# Supplied data
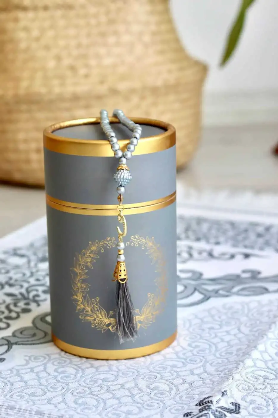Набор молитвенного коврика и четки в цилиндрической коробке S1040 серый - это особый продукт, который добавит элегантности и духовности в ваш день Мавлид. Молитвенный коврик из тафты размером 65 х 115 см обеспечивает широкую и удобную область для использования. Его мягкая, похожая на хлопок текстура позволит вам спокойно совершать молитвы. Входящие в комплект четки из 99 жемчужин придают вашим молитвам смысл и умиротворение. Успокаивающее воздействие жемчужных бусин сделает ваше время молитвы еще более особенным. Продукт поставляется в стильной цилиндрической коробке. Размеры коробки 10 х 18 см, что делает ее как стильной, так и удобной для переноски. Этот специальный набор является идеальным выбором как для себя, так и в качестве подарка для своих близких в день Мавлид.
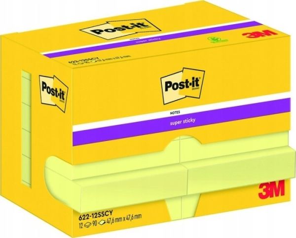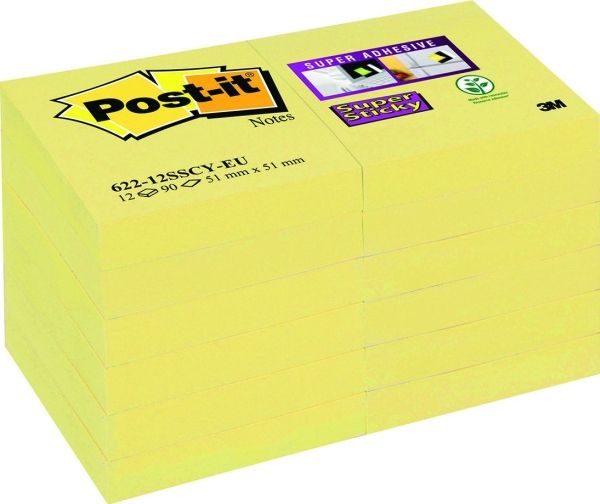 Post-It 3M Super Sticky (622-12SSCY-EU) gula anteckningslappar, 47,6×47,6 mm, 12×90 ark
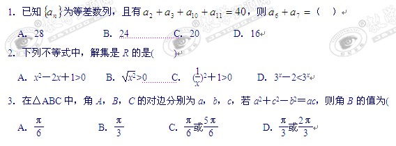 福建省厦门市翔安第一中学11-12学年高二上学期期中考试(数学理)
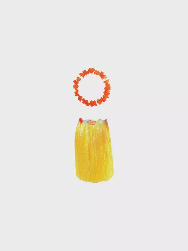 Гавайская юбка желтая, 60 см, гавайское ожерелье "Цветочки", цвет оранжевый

# Task prompt
Write out the material above precisely, leaving each picture behind.

# Output
Набор молитвенного коврика и четки в цилиндрической коробке S1040 серый - это особый продукт, который добавит элегантности и духовности в ваш день Мавлид. Молитвенный коврик из тафты размером 65 х 115 см обеспечивает широкую и удобную область для использования. Его мягкая, похожая на хлопок текстура позволит вам спокойно совершать молитвы. Входящие в комплект четки из 99 жемчужин придают вашим молитвам смысл и умиротворение. Успокаивающее воздействие жемчужных бусин сделает ваше время молитвы еще более особенным. Продукт поставляется в стильной цилиндрической коробке. Размеры коробки 10 х 18 см, что делает ее как стильной, так и удобной для переноски. Этот специальный набор является идеальным выбором как для себя, так и в качестве подарка для своих близких в день Мавлид.
 Post-It 3M Super Sticky (622-12SSCY-EU) gula anteckningslappar, 47,6×47,6 mm, 12×90 ark
 福建省厦门市翔安第一中学11-12学年高二上学期期中考试(数学理)
 Гавайская юбка желтая, 60 см, гавайское ожерелье "Цветочки", цвет оранжевый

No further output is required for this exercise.